Enter CLIPScope, which leverages recent advances in vision-language AI models — systems that understand both images and their textual descriptions. But Fu’s innovation isn't in the foundation model; it’s in how CLIPScope uses it. Previous methods asked: “Is this input unusual, regardless of what the system predicts?” If so, they ignore or reject the system’s output based solely on the input’s characteristics. Fu’s method asks: “Is this input unusual given the system’s prediction?” Then, instead of assessing the input in isolation, it evaluates whether the input aligns with or deviates from the expected distribution for the predicted class. This allows for more targeted and context-aware detection of abnormal inputs.
Fu’s Bayesian scoring approach conducted a probabilistic reality check, and CLIPScope mined a vast lexical database to identify potential out-of-distribution classes, selecting both the nearest and farthest concepts from normal categories to maximize coverage. As a result, zero-shot detection — spotting unusual inputs without ever seeing examples during training — became practical and effective.
Tackling other problems
Fu's vision extends beyond detection to system-level resilience.
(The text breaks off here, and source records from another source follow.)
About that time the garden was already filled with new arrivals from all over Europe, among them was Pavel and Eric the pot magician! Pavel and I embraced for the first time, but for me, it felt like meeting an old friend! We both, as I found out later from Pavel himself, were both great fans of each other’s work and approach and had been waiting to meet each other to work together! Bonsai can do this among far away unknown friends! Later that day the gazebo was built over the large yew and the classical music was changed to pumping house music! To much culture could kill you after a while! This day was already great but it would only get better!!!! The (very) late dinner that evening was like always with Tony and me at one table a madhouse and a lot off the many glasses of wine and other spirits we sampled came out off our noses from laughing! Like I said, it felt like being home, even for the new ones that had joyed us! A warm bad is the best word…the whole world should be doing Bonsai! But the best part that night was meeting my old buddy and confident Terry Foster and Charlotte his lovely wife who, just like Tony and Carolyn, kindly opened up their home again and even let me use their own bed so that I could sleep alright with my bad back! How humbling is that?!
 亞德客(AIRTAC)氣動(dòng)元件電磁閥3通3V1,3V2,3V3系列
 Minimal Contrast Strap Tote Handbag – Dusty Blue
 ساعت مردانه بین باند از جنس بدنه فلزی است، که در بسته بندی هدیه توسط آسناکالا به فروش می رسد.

In cyber-physical systems (think power grids, aircraft, or industrial robots), attacks can have catastrophic real-world consequences. His approach combines switching mechanisms, re-initialization, and anomaly detection into a holistic, integrated defense involving multiple controllers operated in rotation, each periodically re-initialized to purge potential compromises, and an anomaly detector that watches for attacks during operation. (If something goes wrong, the system switches to a fresh controller.) Instead of permanently discarding compromised controllers, they are cleaned and returned to service, and the system maintains its defensive depth while continuously adapting.
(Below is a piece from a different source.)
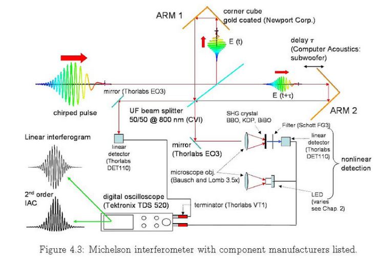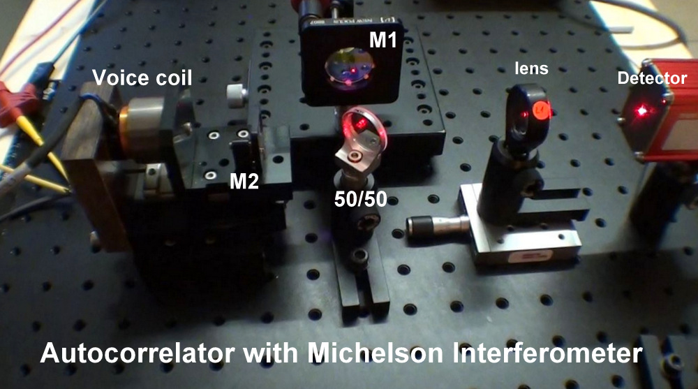 Dans notre montage final un laser accordable Titane:Saphir MIRA900, réglé à 800nm, fournit des impulsions de lumière de 120fs FWHM. L'impulsion pénètre dans l’interféromètre, elle est divisée en deux impulsions d'intensité égale par une lame séparatrice 50:50. L'une des impulsions est réfléchit par un miroir triprism fixe, l'autre impulsion est aussi réfléchit par un miroir du même type, mais celui-ci est mobile, mu d'avant en arrière le long du chemin optique par un voice-coil à une fréquence de l'ordre de quelques dizaines de hertz. Cela permet donc de décaler temporellement, à volonté, l'une des impulsions par rapport à l'autre lors de la recombinés par la séparatrice. De plus cette recombinaison se fait de façon colinéaire, comme on peut le voir sur le schéma, la somme des deux champs permettant ainsi le phénomène d'interférence. Ce champs résultant est ensuite envoyé sur la photodiode qui converti celui-ci en un signal électrique. Ce signal électrique est le résultat d'un processus de conversion non-linéaire au sein de la photodiode qu'on peut exprimer mathématiquement en disant que le signal d'autocorrelation S(tau) est égale à l'intégrale du module au carré de la somme au carré du champ issu du miroir fixe et du champ retardé issu du miroir mobile (cette explication nécessite un développement que nous ferons plus tard). Lorsqu'on trace ce signal S(tau) en fonction de tau, on obtient une figure ( voir sur l'image) dont l'enveloppe à mi-hauteur permet, si on a au préalable une idée de la forme de l'enveloppe de l'impulsion issu du laser, de déduire la durée à mi-hauteur (FWHM) de cette dernière et donc d'estimer de façon assez précise la durée de l'impulsion laser.
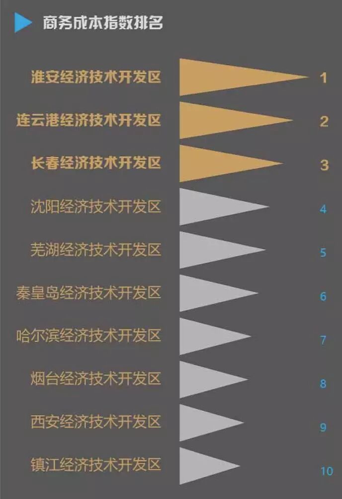 淮安经开区、连云港经开区、长春经开区、沈阳经开区、芜湖经开区得分最高,成本最低

Fu’s research has also addressed a different challenge: how can organizations collaborate to build better AI without exposing their private data? The answer lay in feature extraction. Instead of sharing raw data, entities could share transformed feature embeddings — mathematical representations that preserved useful patterns while obscuring sensitive details.
In an age where AI is increasingly used to make critical decisions in healthcare, transportation, finance, infrastructure, and other sectors, Fu’s work provides the foundations for deploying these systems responsibly. Not with blind faith in their perfection, but with intelligent mechanisms to catch their failures before they cause harm.